------ Data below ------

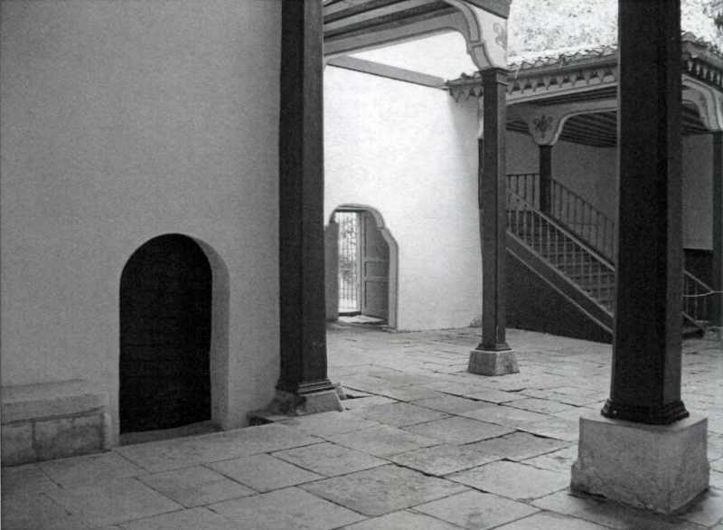 Зліва направо: вхід до скарбниці, двері у Гаремний двір, сходи на 2-й поверх. Фото А. Ібрагімової, 2013 р. [Ибрагимова А. И. Бахчисарайский ханский дворец 16 – 18 вв. – К.: 2015 г., c. 122, рис. 116].
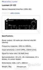 Propongo amplificatore luxman in buone condizioni estetiche e funzionali, eroga 55watt per canale di buona fattura (quasi 10kg) e qualita sonora con tecnologia s.t.a.r circuit … ha una buona entrata phono per giradischi di qualita . Possibilità di ritiro a mano in zona Spedisco con ottimo imballo Vedi altri miei annunci come amplificatore, lettore cd , giradischi, casse e diffusori acustici, subwoofer, sintoamplificatore, dvd , pre e finale ,piastra cassette , equalizzatore , radio tuner e altro materiale stereo hifi .
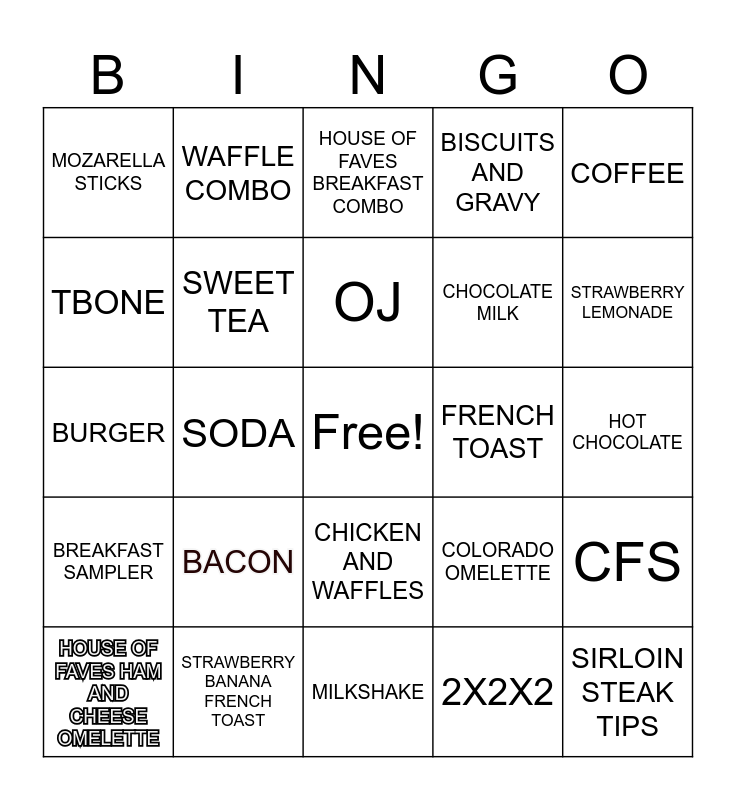 This bingo card has a free space and 24 words: HOUSE OF FAVES HAM AND CHEESE OMELETTE, BACON, OJ, 2X2X2, COFFEE, MOZARELLA STICKS, WAFFLE COMBO, HOUSE OF FAVES BREAKFAST COMBO, FRENCH TOAST, HOT CHOCOLATE, BURGER, SWEET TEA, COLORADO OMELETTE, CFS, TBONE, STRAWBERRY BANANA FRENCH TOAST, MILKSHAKE, BISCUITS AND GRAVY, STRAWBERRY LEMONADE, BREAKFAST SAMPLER, SODA, CHICKEN AND WAFFLES, CHOCOLATE MILK and SIRLOIN STEAK TIPS.

------

=== What to produce ===
Without the pictures, transcribe the listing exactly as it stands.

=== Final answer ===
 Зліва направо: вхід до скарбниці, двері у Гаремний двір, сходи на 2-й поверх. Фото А. Ібрагімової, 2013 р. [Ибрагимова А. И. Бахчисарайский ханский дворец 16 – 18 вв. – К.: 2015 г., c. 122, рис. 116].
 Propongo amplificatore luxman in buone condizioni estetiche e funzionali, eroga 55watt per canale di buona fattura (quasi 10kg) e qualita sonora con tecnologia s.t.a.r circuit … ha una buona entrata phono per giradischi di qualita . Possibilità di ritiro a mano in zona Spedisco con ottimo imballo Vedi altri miei annunci come amplificatore, lettore cd , giradischi, casse e diffusori acustici, subwoofer, sintoamplificatore, dvd , pre e finale ,piastra cassette , equalizzatore , radio tuner e altro materiale stereo hifi .
 This bingo card has a free space and 24 words: HOUSE OF FAVES HAM AND CHEESE OMELETTE, BACON, OJ, 2X2X2, COFFEE, MOZARELLA STICKS, WAFFLE COMBO, HOUSE OF FAVES BREAKFAST COMBO, FRENCH TOAST, HOT CHOCOLATE, BURGER, SWEET TEA, COLORADO OMELETTE, CFS, TBONE, STRAWBERRY BANANA FRENCH TOAST, MILKSHAKE, BISCUITS AND GRAVY, STRAWBERRY LEMONADE, BREAKFAST SAMPLER, SODA, CHICKEN AND WAFFLES, CHOCOLATE MILK and SIRLOIN STEAK TIPS.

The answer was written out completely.